DETAILED DESCRIPTION

[0105] It should also be understood that, unless clearly indicated to the contrary, in any methods claimed herein that include more than one step or act, the order of the steps or acts of the method is not necessarily limited to the order in which the steps or acts of the method are recited. [0106] References in the specification to "one embodiment," "an embodiment," "an illustrative embodiment," etc., indicate that the embodiment described may include a particular feature, structure, or characteristic, but every embodiment may or may not necessarily include that particular feature, structure, or characteristic. Moreover, such phrases are not necessarily referring to the same embodiment. Further, when a particular feature, structure, or characteristic is described in connection with an embodiment, it is submitted that it is within the knowledge of one skilled in the art to affect such feature, structure, or characteristic in connection with other embodiments whether or not explicitly described.

[0107] As used herein, the singular terms "a," "an," and "the" include plural referents unless context clearly indicates otherwise. Similarly, the word "or" is intended to include "and" unless the context clearly indicates otherwise. The term "includes" is defined inclusively, such that "includes A or B" means including A, B, or A and B.

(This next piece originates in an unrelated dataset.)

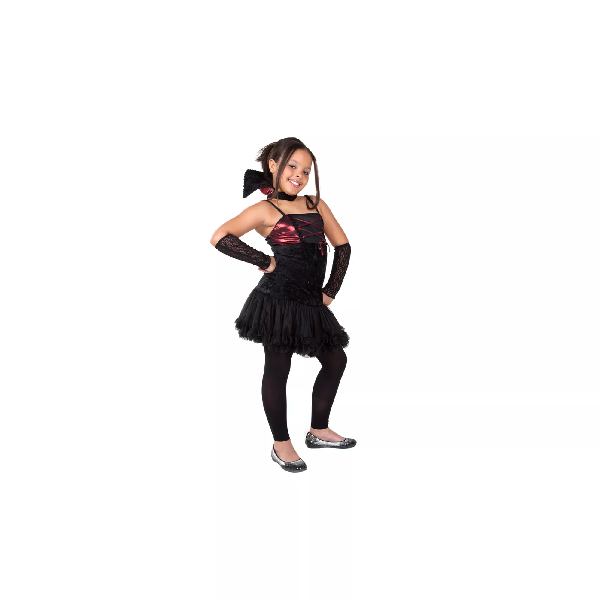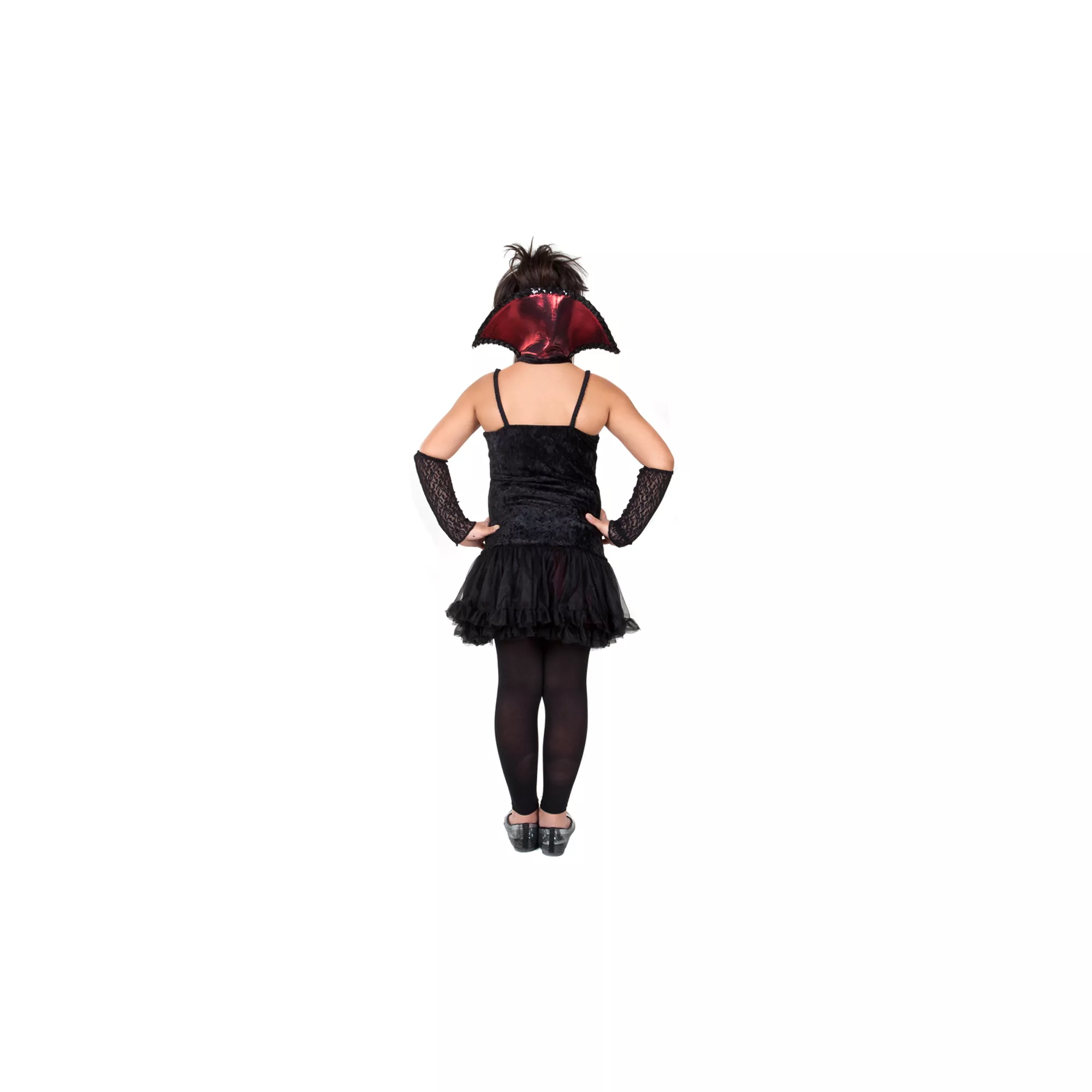 You are a Gothic beauty in this wickedly stylish Dark Red Vampire girls costume. With a stand-up collar, arm warmers and leggings your look is authenticated and terrifyingly beautiful!

[0108] As used herein in the specification and in the claims, "or" should be understood to have the same meaning as "and/or" as defined above. For example, when separating items in a list, "or" or "and/or" shall be interpreted as being inclusive, for example, the inclusion of at least one, but also including more than one, of a number or list of elements, and, optionally, additional unlisted items. Only terms clearly indicated to the contrary, such as "only one of' or "exactly one of," or, when used in the claims, "consisting of," will refer to the inclusion of exactly one element of a number or list of elements. In general, the term "or" as used herein shall only be interpreted as indicating exclusive alternatives (for example "one or the other but not both") when preceded by terms of exclusivity, such as "either," "one of," "only one of' or "exactly one of." "Consisting essentially of," when used in the claims, shall have its ordinary meaning as used in the field of patent law.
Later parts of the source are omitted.